DATA IN THIS EXERCISE
-.-.-
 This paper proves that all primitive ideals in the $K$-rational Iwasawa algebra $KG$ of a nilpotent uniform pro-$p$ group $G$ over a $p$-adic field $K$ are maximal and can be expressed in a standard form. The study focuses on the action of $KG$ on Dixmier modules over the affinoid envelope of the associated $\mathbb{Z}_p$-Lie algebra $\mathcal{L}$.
-.-.-
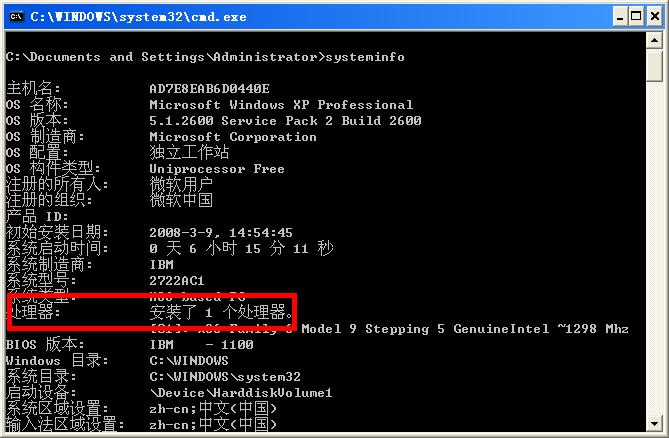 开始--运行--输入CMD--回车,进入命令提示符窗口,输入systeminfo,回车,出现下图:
-.-.-
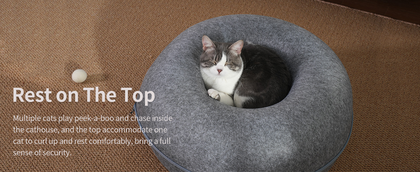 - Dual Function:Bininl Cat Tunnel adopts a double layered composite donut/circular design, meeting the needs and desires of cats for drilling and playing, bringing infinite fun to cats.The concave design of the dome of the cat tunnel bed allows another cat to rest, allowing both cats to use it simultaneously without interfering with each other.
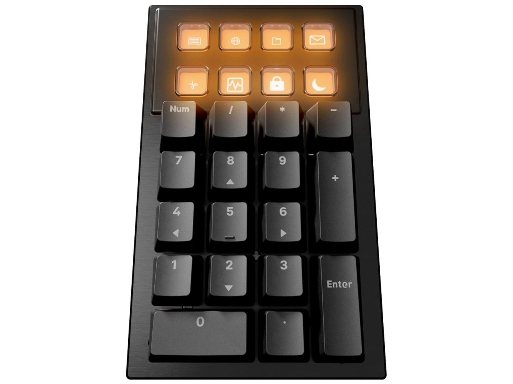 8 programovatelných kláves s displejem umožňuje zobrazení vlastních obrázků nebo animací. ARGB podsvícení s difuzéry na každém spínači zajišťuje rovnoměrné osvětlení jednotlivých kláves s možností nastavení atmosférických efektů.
-.-.-
GOAL OF THE EXERCISE
Go down the entries above from the line containing "- Dual Function:Bininl" to the line containing "8 programovatelných kláves" and write out each line exactly, leaving pictures out.

EXERCISE SOLUTION
 - Dual Function:Bininl Cat Tunnel adopts a double layered composite donut/circular design, meeting the needs and desires of cats for drilling and playing, bringing infinite fun to cats.The concave design of the dome of the cat tunnel bed allows another cat to rest, allowing both cats to use it simultaneously without interfering with each other.
 8 programovatelných kláves s displejem umožňuje zobrazení vlastních obrázků nebo animací. ARGB podsvícení s difuzéry na každém spínači zajišťuje rovnoměrné osvětlení jednotlivých kláves s možností nastavení atmosférických efektů.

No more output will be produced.